Глава двадцать первая
Перешагнув незримый порог, Сарториус оказался в большом двухсветном зале, сияющем навощённым узорчатым паркетом, в три ряда украшенном по стенам картинами в золочёных рамах, колонками с мраморными скульптурами и венецианскими зеркалами в рамах, не уступающих пышностью картинным.
Господа Ньюмен и Грин появились откуда-то сбоку, и сразу Сарториус их даже не заметил, слишком поглощённый подстройкой организма под смену не только окружающего антуража, но как бы и всех жизненных обстоятельств. Совсем разные вещи – разговаривать даже с очень могущественными людьми, сидя на садовой скамейке собственной виллы или – в подавляющей роскоши красивейших на Земле дворцовых интерьеров. Только вот сами хозяева были одеты подчёркнуто просто, словно для короткой загородной прогулки. Никаких шитых золотом мундиров с пышными эполетами или багряных тог византийских базилевсов.
А у самой двери в свободной позе остановился Боулнойз, как бы ставший выше ростом и расправивший плечи. Его здешняя обстановка, сразу видно, не удивляла, будто не раз приходилось тут бывать. Того, что «макет» остался на острове, а «настоящий» Арчибальд находился здесь изначально, Сарториус, конечно, не заметил. Пусть и уловил не объяснимую словами разницу.
– День добрый, господин Магнус. Ничего, что я так, полуофициально? Самочувствие как, обмороков, головокружений, ночных кошмаров не случалось? Аппетит, стул? – всё это сэр Говард произнёс слитно, одной фразой, шагая навстречу с протянутой рукой и, похоже, копируя чьего-то персонажа – комического земского врача.
– Здравствуйте. Нет, спасибо. Всё у меня хорошо. Самочувствие просто прекрасное, я уже и забыл, что такое бывает. Ваше лечение просто чудодейственное. Я сегодня в бассейне двадцать кругов проплыл и завтракал с большим аппетитом… – невольно заразившись стилем Грина, ответил Сарториус.
Ньюмен стоял на том же месте и слегка улыбался. Идти к гостю с распростёртыми объятиями явно не собирался. Ждал, когда сам подойдёт, закончив специфический разговор с товарищем.

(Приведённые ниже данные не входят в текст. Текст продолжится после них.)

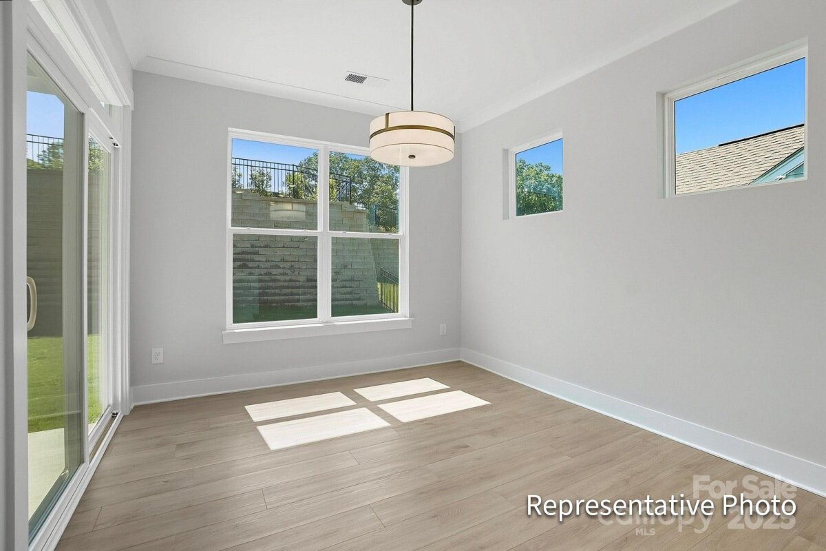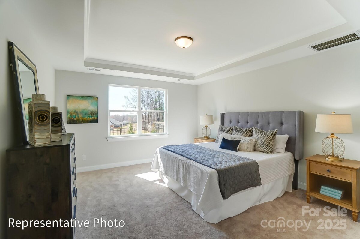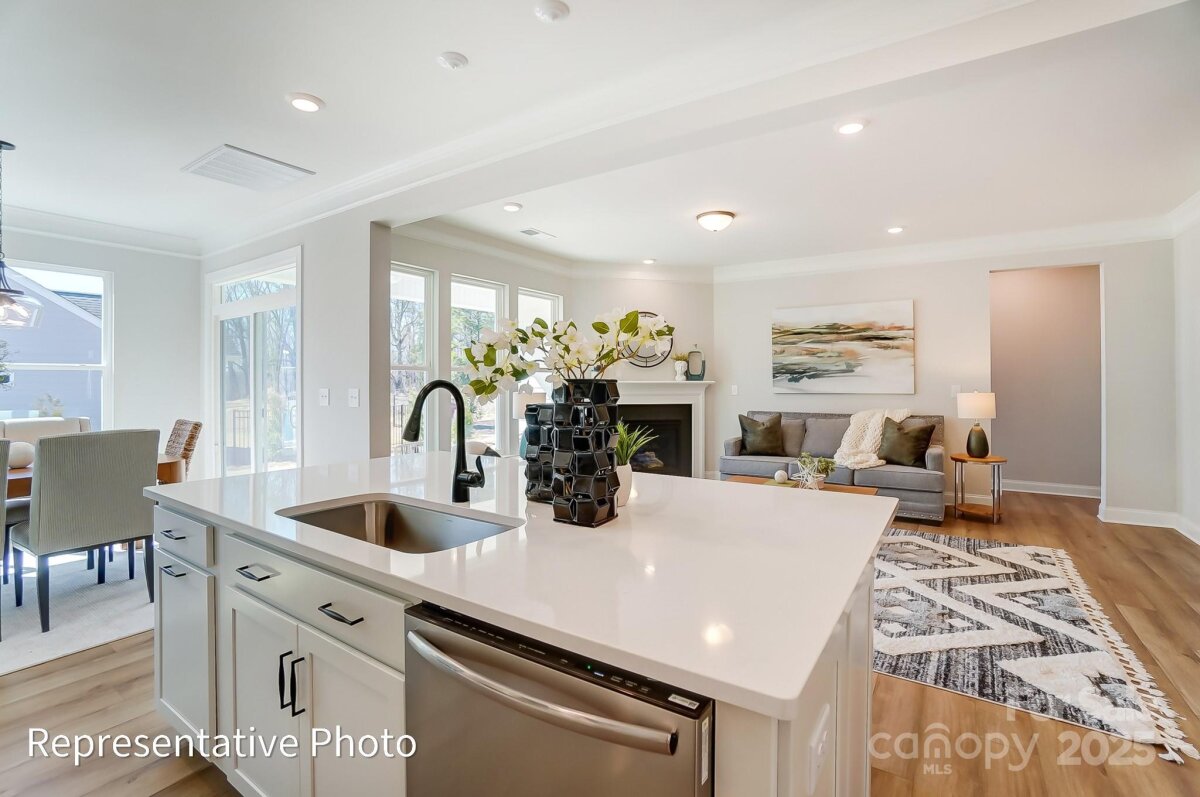 Brand new, boutique community in ideal location minutes to historic Mooresville and Davidson. Less than three miles from I-77 and close to shopping, dining and other conveniences. This gorgeous ranch-style Avery floorplan includes an upper floor with loft, bedroom and bath. This plan features an open kitchen with breakfast area that leads into the family room. The kitchen includes quartz countertops, tile backsplash and stainless appliances, including a gas range. Primary bedroom on the main features tray ceiling and primary bath includes a tiled shower, with a bench seat, two vanity sinks and tiled flooring. The main floor also includes two additional bedrooms, a second full bath, laundry room! Exciting features include a gas fireplace with slate surround in the family room and more! Enjoy the outdoors on the rear covered porch! Community features nearby nature trails and includes lawn maintenance.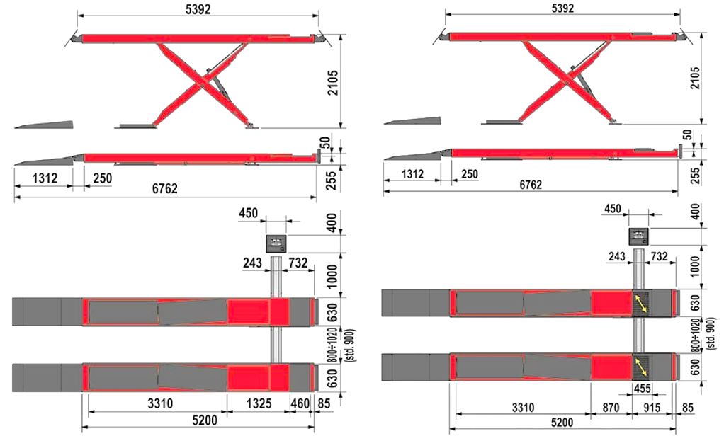 Во всех подъемниках этой серии передняя ось транспортного средства расположена в фиксированной точке подъема (где есть поворотные круги), независимо от колесной базы автомобиля и без какой-либо дополнительной регулировки.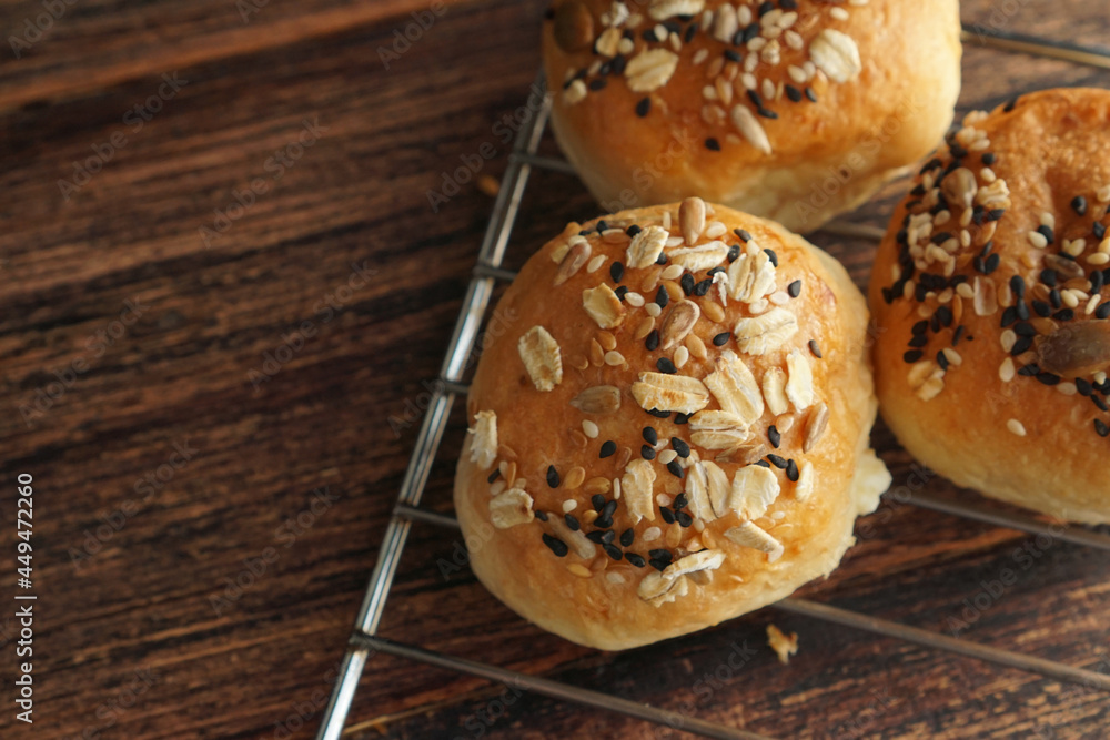 Homemade soft bread mixed with coarse wheat, cheese and a sprinkling of mix seeds and muesli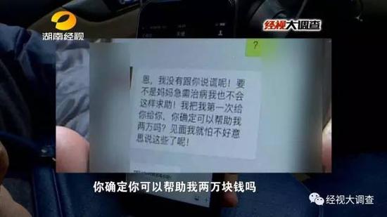 原标题:警方行动 揭开“美女大学生”卖身救母陷阱 最近,长沙市民吴先生接到一条求助短信,对方声称自己名叫琪琪,是长沙某校的女大学生,她的母亲身患重病无钱医治,希望能够得到“好心人”的救助,并愿意出卖自己的人生“第一次”作为回报。接到短信的吴先生格外惊讶,一个女学生如果不是走投无路,怎么会想通过出卖“初夜”来换取救助呢?好心的吴先生赶紧联系经视大调查记者,想要帮帮这个女孩。 热心市民想伸出援手 女大学生主动“卖身”约见面 这就是琪琪往市民吴先生手机上发来的短信。琪琪自称是长沙某校的大一学生,今年18岁,因为家中有急事,想向吴先生寻求帮助。 出卖初夜寻求帮助!这样的求助让吴先生十分震惊,为了了解更多情况,好心的吴先生加了琪琪的微信。 从照片上看,琪琪长得十分清秀漂亮,作为一名大一学生,她原本不应该用出卖“初夜”的方式来寻求帮助。她到底是遇到了什么困难? 琪琪表示,自己的妈妈患重病,花光了家里的所有积蓄,目前急需要两万块钱来治病,不得已自己才想出了这个方法来筹钱。 通过几天的接触,琪琪主动要求与吴先生见面,见面地点就是琪琪所在的某学校的门口。 热心市民想伸出援手 女大学生主动“卖身”约见面 如果不是真的走投无路,女孩怎么会想出这种办法来求助呢?好心的吴先生越想越觉得可怜,为了真正帮助到琪琪,同时不引起不必要的误会和麻烦,吴先生找到了记者,想和记者一起去和琪琪见面。中午12点,一名身穿黑色棉袄的女子出现在某学校的门口,与照片中的琪琪十分相似。 谁知,吴先生上前打招呼,对方却并不理会,快速穿过马路到了学校对面。 琪琪飞快地带着吴先生来到了附近一家餐厅,这才开口与吴先生交流起来。 琪琪介绍,自己是河南人,今年18岁,是这所学校的大一学生,家里除了得乳腺癌的妈妈之外,还有一个弟弟需要抚养。 面对吴先生的关心,琪琪显得很不耐烦,不愿多说,竟主动开口要求吴先生去开房。 吴先生立即表示自己可以无偿帮助,不需要琪琪出卖“初夜”来偿还,谁知琪琪并没有对此感恩,反而立马变了脸。 吴先生万万没想到,自己的一片好心却换来琪琪如此反应,琪琪带上帽子,快速离开了现场。 记者追踪调查 “女生”竟被豪车接走? 按照琪琪所说,她的母亲重病急需2万元钱救助,但她却拒绝了吴先生提出的向社会众筹的方式,也不愿意接受他不要回报的帮助。这让人感觉格外疑惑,那么,琪琪为什么不愿意通过正常渠道求助?下午三点,琪琪和吴先生分开之后,记者偷偷跟上,只见琪琪在这所学校的门口站了一会之后,转身朝学校里面走去。 不过,她并没有直接回宿舍,也没去教学楼,而是独自来到了学校操场。 下午四点左右,琪琪起身准备从操场离开,来到了学校旁边的小吃街吃东西。 四点半,琪琪接了一个电话,起身离开。可奇怪的是,她仍然没有去教学楼和宿舍,而是快步走出了校门。 原本应该是学生下课回宿舍的时间,琪琪却上了一台豪车离开了学校,这与她描述的家庭困难需要帮助的形象也严重不符。她究竟是不是学校的学生? 在这所学校的副书记办公室,工作人员只看了一眼琪琪提供的校园卡照片,就认定这张校园卡是假的!同时,工作人员也在院学院数据库对琪琪的身份展开核查,结果令人吃惊! 学校的学生学籍数据库里根本没有与琪琪身份相符的学生信息,也就是说琪琪自称是大学生的身份是假的! 警方出现核查身份 “女学生”紧张抗拒 调查到这里,琪琪的故事竟来了个180°大逆转,“琪琪”竟然压根不是这所高校的“大学生”!她出示的该学校的校园卡照片也被学校认定是假冒的!那么,她所说的母亲患绝症的悲惨故事又是不是真的呢?这一切急需找到琪琪本人求证,而就在此时,琪琪又主动联系上了吴先生。 19号上午,琪琪再次给吴先生发来微信求助,并约吴先生中午11:30在远大二路附近一酒店碰面。 一见面,琪琪还是坚持以出卖“初夜”的方式来换取两万块钱现金。 不过,琪琪却声称,只要出得起钱,自己可以长期提供服务。 与此同时,为了查明这个“女大学生”琪琪的真实身份,当地派出所民警也悄然赶到了现场,准备现场核实琪琪的身份。面对民警的突然造访,琪琪突然变得紧张起来。 面对大家,琪琪非常紧张,不断拒绝配合警方的调查。 在派出所,琪琪的真实身份也真相大白,原来,她根本不是什么高校大学生,她所称母亲重病需要救助也不过是为卖淫赚钱编造的谎言,民警经过审讯发现,在琪琪的背后很可能还隐藏着一个以“女大学生卖处”为由的卖淫团伙。 律师表示,琪琪的行为与非法卖淫无异,而她以家庭困难为由赚取他人钱财的行为更已经涉嫌诈骗。目前,公安机关正在对琪琪已经她背后的团伙展开追踪调查。 经视大调查评论员乐言 观点: 身份造假、满口谎话、出卖肉体,一个女孩,没有起码的羞耻心,可怜、可悲!可怜在于,也许她有迫不得已的苦衷,也许她的背后真的有卖淫团伙的控制,也许她也只是一个受害者,这需要公安部门的进一步调查。可悲在于, 你为什么非要编造可怜的身世去骗取别人的同情心?我们的慈善,因为各种各样的欺骗,已经十分脆弱,请不要再用脏水去污染它。下一次,如果真的有人走投无路需要帮助,还能赢取信任吗?让人在寒冬里感到温暖的,是那位愿意帮助落难女孩而不需要任何回报的先生,希望即使看到谎言,你的善

– Уже завтракали?! Ах, какая жалость. А мы только собираемся. Дай, думаем, и коллегу пригласим. Ну да, разница поясного времени – не учли. Ладно, не беда, назовём это вторым завтраком. Или ранним обедом. И так и так поговорить всё равно нужно… Вы не знаете, почему дипломаты все свои дела решают за разными видами застолий? Это – за ужином обсудят, то – за деловым завтраком. Не знаете? И я не знаю…
Немного придя в себя, Сарториус задумался: а что это вдруг случилось и отчего умеющий быть пугающе-серьёзным сэр Говард так паясничает? Что это должно означать?
На самом деле это не означало совершенно ничего, если пытаться понять что-то, касающееся самого сэра Говарда. А Шульгин избрал такой стиль просто для того, чтобы как раз и заставить клиента впустую тратить мыслительную энергию. Всегда лучше иметь дело с человеком, в той или иной мере сбитым с толку.